»»
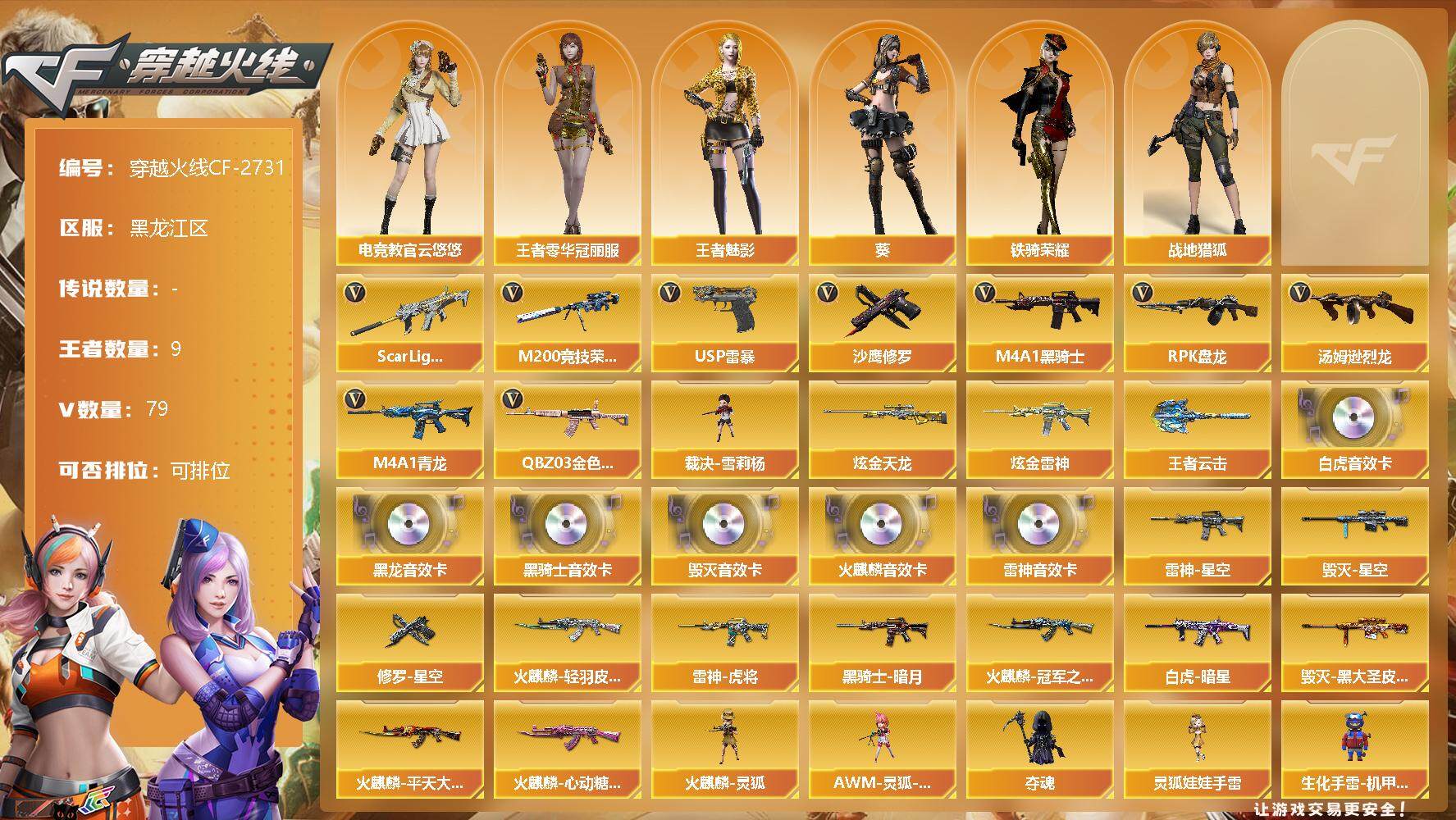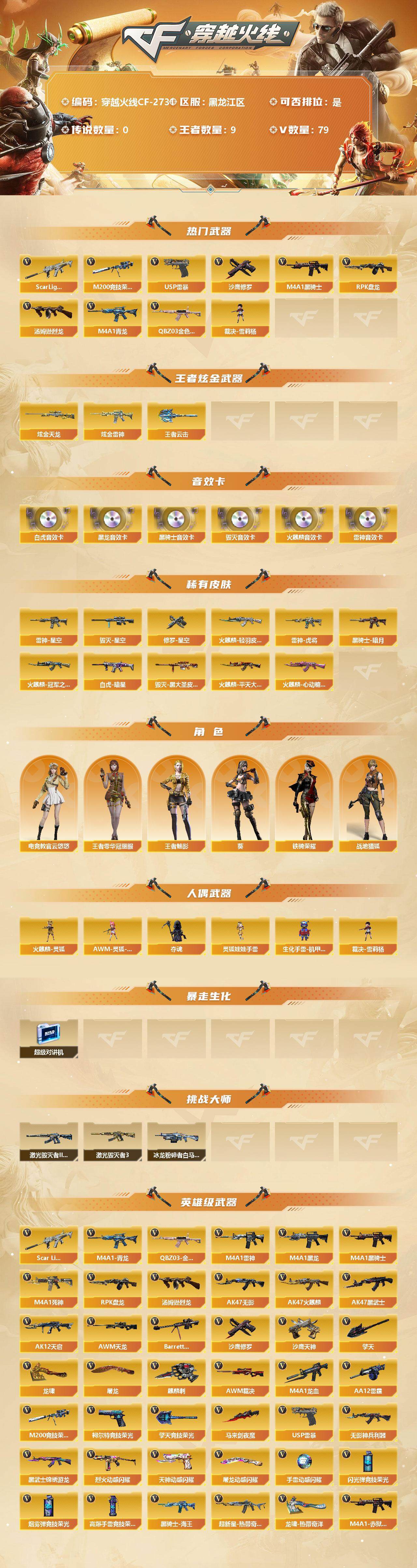 [12308820]【商品标题】:黑龙江区-79V-9王者-2炫金 【热门武器】:QBZ03-金色蔷薇,Scar Light-白虎,M4A1-青龙,M200-竞技荣光,M4A1-黑骑士,汤姆逊-烈龙,RPK-盘龙*4,裁决-雪莉杨,USP-雷暴,沙鹰-修罗*2 【王者炫金武器】:炫金天龙,炫金雷神,王者云击 【音效卡】:AK47-火麒麟音效卡,M4A1-雷神音效卡,M4A1-黑龙音效卡,M4A1-黑骑士音效卡,Barrett-毁灭音效卡,Scar Light-白虎音效卡 【稀有皮肤】:Scar Light-白虎-暗星,雷神-星空,雷神-虎将,火麒麟-冠军之心,火麒麟-轻羽皮肤,火麒麟-平天大圣,火麒麟-心动糖果,黑骑士-暗月,毁灭-星空,毁灭-黑大圣皮肤,修罗-星空 【角色】:王者零-华冠丽服,王者-魅影,葵,电竞教官-云悠悠,战地猎狐,铁骑荣耀 【人偶武器】:裁决-雪莉杨,火麒麟-灵狐,AWM-灵狐-15周年嘉年华*2,夺魂,灵狐娃娃手雷,生化手雷-机甲核心 【暴走生化】:超级对讲机 【挑战大师】:激光毁灭者III,激光毁灭者III-白马银枪*2,冰龙粉碎者-白马银枪 【英雄级武器】:M200-竞技荣光,柯尔特-竞技荣光,擎天-竞技荣光,高爆手雷-竞技荣光*9,烟雾弹-竞技荣光*9,闪光弹-竞技荣光*9,马来剑-夜魔,USP-雷暴,烈火-动感闪耀,天神-动感闪耀,屠龙-动感闪耀,手雷-动感闪耀,QBZ03-金色蔷薇,Scar Light-白虎,M4A1-青龙,无影-神兵利器,M4A1-雷神,M4A1-黑龙,M4A1-黑骑士,M4A1-死神,RPK-盘龙*4,汤姆逊-烈龙,AK47-无影,AK47-火麒麟,AK47-黑武士,AK12-天启,AWM-天龙,Barrett-毁灭,AWM-裁决,M4A1-龙血,AA-12-雷霆,黑武士-锦绣游龙,黑骑士-海王*2,超新星-热带奇洋,M4A1-赤狱骑士,沙鹰-天神,沙鹰-修罗*2,麒麟刺,擎天,龙啸,屠龙,龙啸-热带奇洋 【特殊枪械】:1白虎,1黑骑士,1烈龙,4盘龙
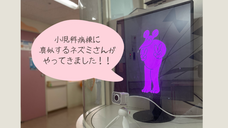 モニターの前でいくつかの動作をすると、ピンクのネズミさんがその動作を真似る仕組みになっています。
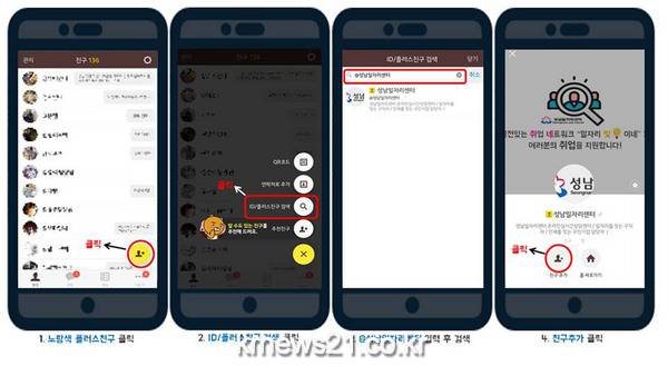 카카오 톡 플러스친구에 ‘성남일자리센터’를 추가하면 성남시 일자리전문 직업상담사인 일자리 쌤과 1 대 1 채팅이 이뤄져 구직 또는 구인과 관련된 질문을 하고 답을 얻을 수 있다.
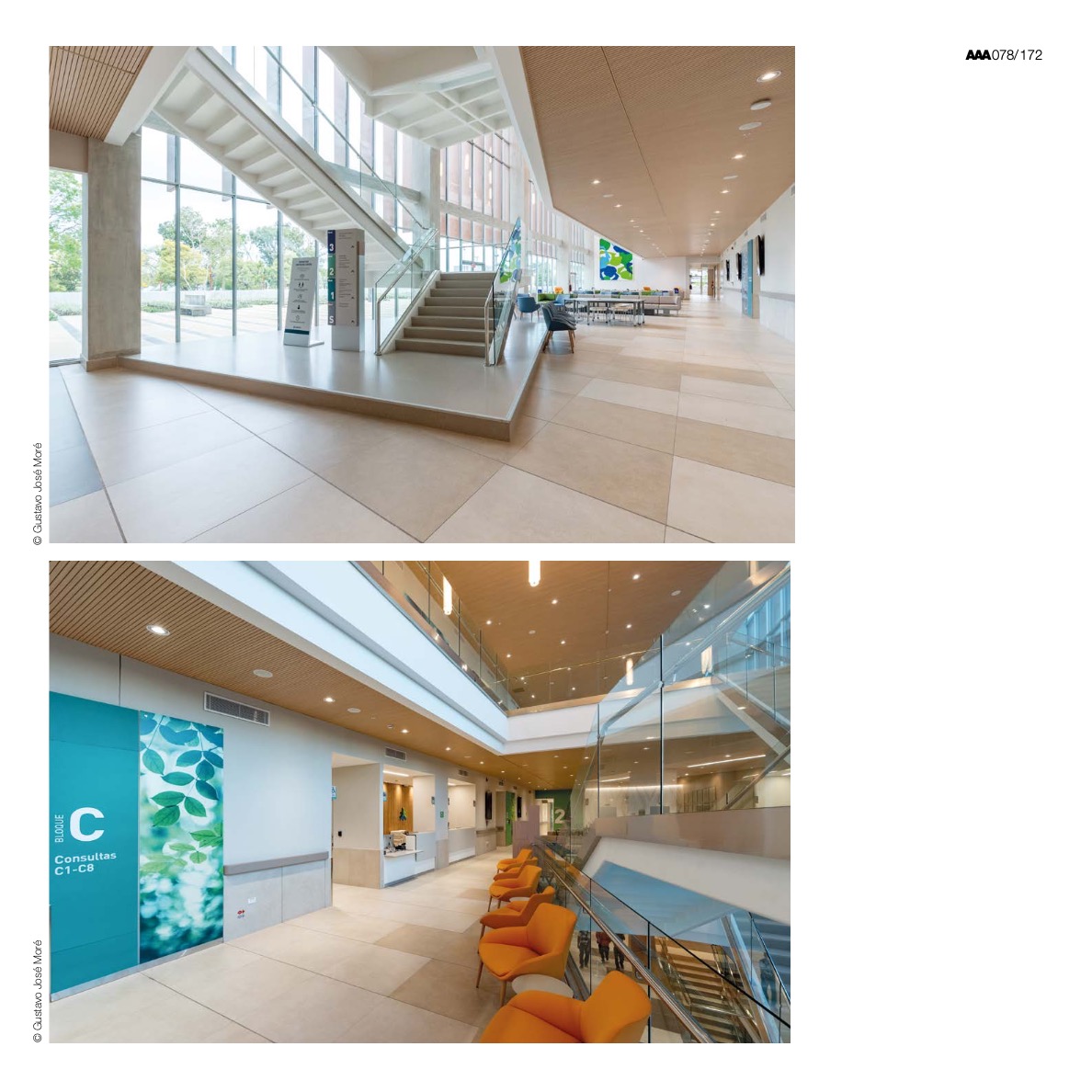 Las zonas de empleados, cocina y lavandería se articulan con discreción en la planta que dispone de accesos desde el semisótano de servicios, en el bloque formado por el lado corto de la “L”. El bloque principal trabaja con despachos, consultorios y áreas administrativas volcadas a través de una vidriera de seguridad sombreada, mirando a la plaza, al oeste; y el piano nobile del atrio de integración vertical del edificio, expuesto al este. Una agradable zona comunitaria de espera, se distribuye en esta crujía escalonada en los pisos superiores.
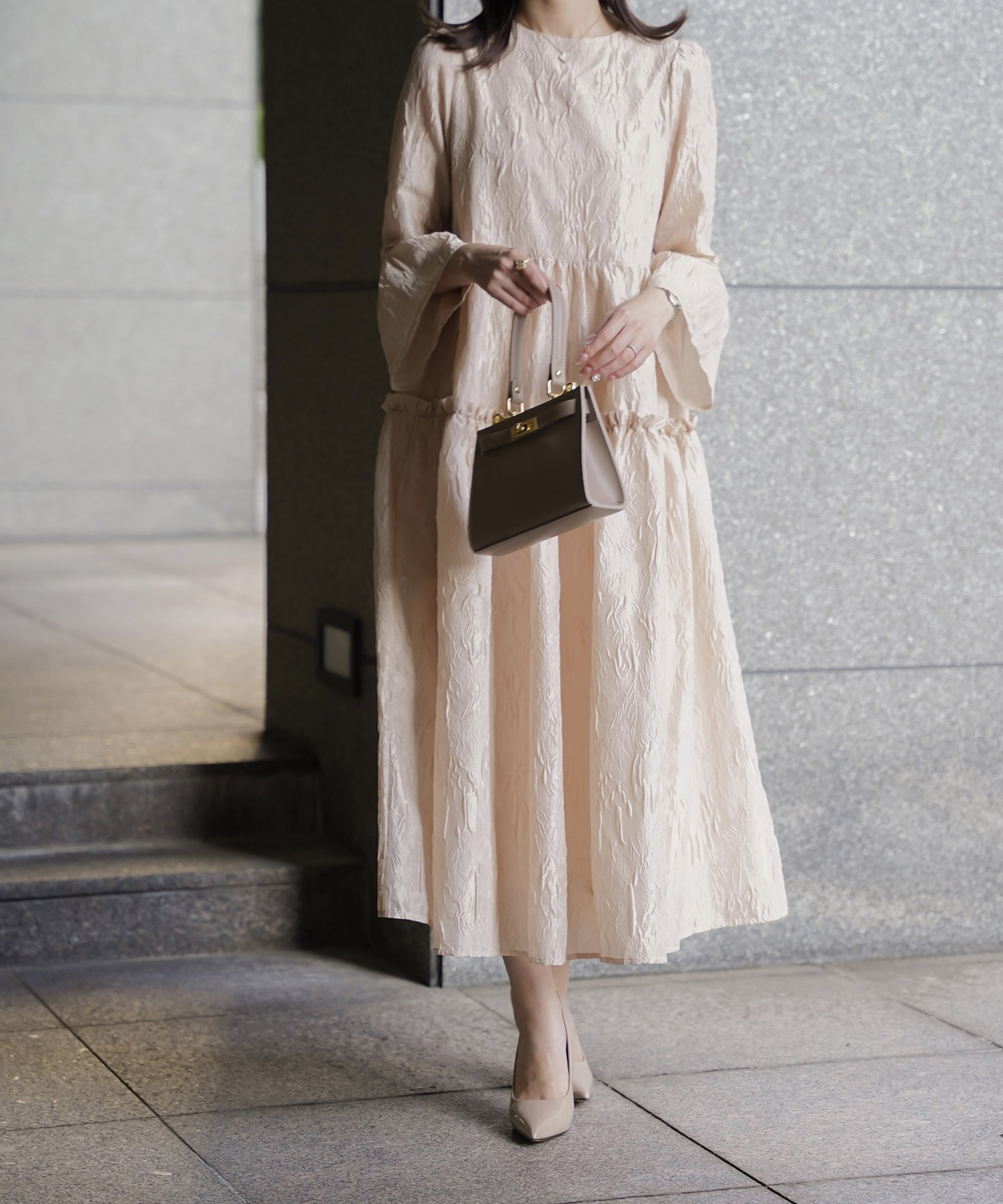 ベルスリーブ ジャガード ボリューム ワンピース(HUIT)¥15,950(税込)
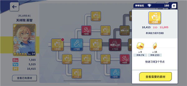 >>偶像之路:使用对应的道具或者钻石解锁格子,提高卡片的数值、技能、服装、才能绽放等。
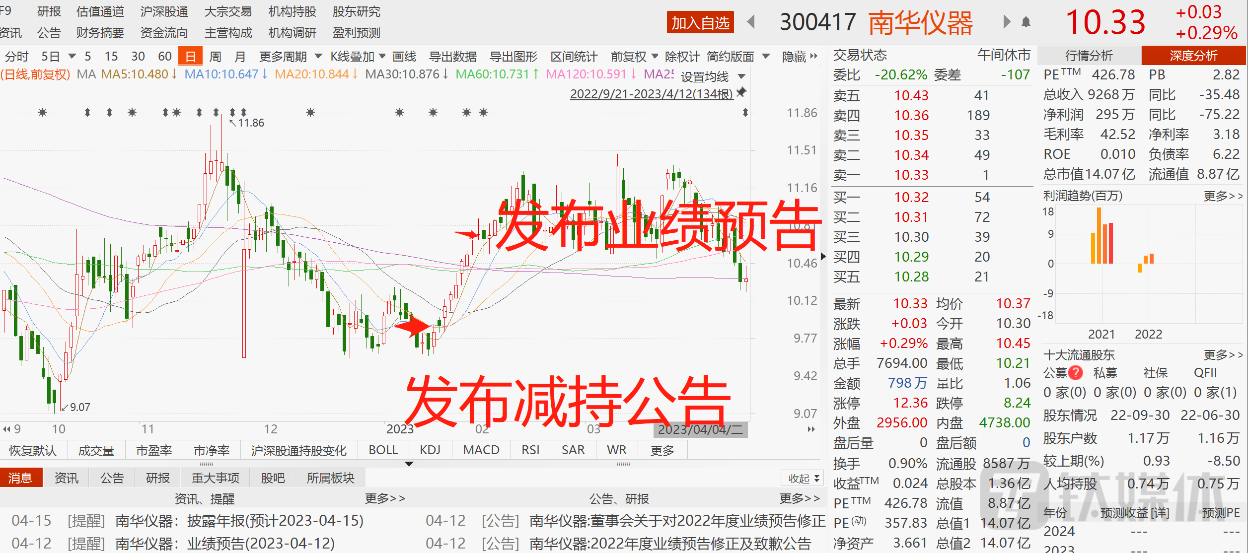 若结合南华仪器股价走势以及公司股东减持公告的时间来看,可能就看得出点端倪了。上市公司之所以这么操作,可能就是为了股东减持。
««
[What is required] Could the data above be copied out exactly, with no pictures kept?

[Expected answer]
 [12308820]【商品标题】:黑龙江区-79V-9王者-2炫金 【热门武器】:QBZ03-金色蔷薇,Scar Light-白虎,M4A1-青龙,M200-竞技荣光,M4A1-黑骑士,汤姆逊-烈龙,RPK-盘龙*4,裁决-雪莉杨,USP-雷暴,沙鹰-修罗*2 【王者炫金武器】:炫金天龙,炫金雷神,王者云击 【音效卡】:AK47-火麒麟音效卡,M4A1-雷神音效卡,M4A1-黑龙音效卡,M4A1-黑骑士音效卡,Barrett-毁灭音效卡,Scar Light-白虎音效卡 【稀有皮肤】:Scar Light-白虎-暗星,雷神-星空,雷神-虎将,火麒麟-冠军之心,火麒麟-轻羽皮肤,火麒麟-平天大圣,火麒麟-心动糖果,黑骑士-暗月,毁灭-星空,毁灭-黑大圣皮肤,修罗-星空 【角色】:王者零-华冠丽服,王者-魅影,葵,电竞教官-云悠悠,战地猎狐,铁骑荣耀 【人偶武器】:裁决-雪莉杨,火麒麟-灵狐,AWM-灵狐-15周年嘉年华*2,夺魂,灵狐娃娃手雷,生化手雷-机甲核心 【暴走生化】:超级对讲机 【挑战大师】:激光毁灭者III,激光毁灭者III-白马银枪*2,冰龙粉碎者-白马银枪 【英雄级武器】:M200-竞技荣光,柯尔特-竞技荣光,擎天-竞技荣光,高爆手雷-竞技荣光*9,烟雾弹-竞技荣光*9,闪光弹-竞技荣光*9,马来剑-夜魔,USP-雷暴,烈火-动感闪耀,天神-动感闪耀,屠龙-动感闪耀,手雷-动感闪耀,QBZ03-金色蔷薇,Scar Light-白虎,M4A1-青龙,无影-神兵利器,M4A1-雷神,M4A1-黑龙,M4A1-黑骑士,M4A1-死神,RPK-盘龙*4,汤姆逊-烈龙,AK47-无影,AK47-火麒麟,AK47-黑武士,AK12-天启,AWM-天龙,Barrett-毁灭,AWM-裁决,M4A1-龙血,AA-12-雷霆,黑武士-锦绣游龙,黑骑士-海王*2,超新星-热带奇洋,M4A1-赤狱骑士,沙鹰-天神,沙鹰-修罗*2,麒麟刺,擎天,龙啸,屠龙,龙啸-热带奇洋 【特殊枪械】:1白虎,1黑骑士,1烈龙,4盘龙
 モニターの前でいくつかの動作をすると、ピンクのネズミさんがその動作を真似る仕組みになっています。
 카카오 톡 플러스친구에 ‘성남일자리센터’를 추가하면 성남시 일자리전문 직업상담사인 일자리 쌤과 1 대 1 채팅이 이뤄져 구직 또는 구인과 관련된 질문을 하고 답을 얻을 수 있다.
 Las zonas de empleados, cocina y lavandería se articulan con discreción en la planta que dispone de accesos desde el semisótano de servicios, en el bloque formado por el lado corto de la “L”. El bloque principal trabaja con despachos, consultorios y áreas administrativas volcadas a través de una vidriera de seguridad sombreada, mirando a la plaza, al oeste; y el piano nobile del atrio de integración vertical del edificio, expuesto al este. Una agradable zona comunitaria de espera, se distribuye en esta crujía escalonada en los pisos superiores.
 ベルスリーブ ジャガード ボリューム ワンピース(HUIT)¥15,950(税込)
 >>偶像之路:使用对应的道具或者钻石解锁格子,提高卡片的数值、技能、服装、才能绽放等。
 若结合南华仪器股价走势以及公司股东减持公告的时间来看,可能就看得出点端倪了。上市公司之所以这么操作,可能就是为了股东减持。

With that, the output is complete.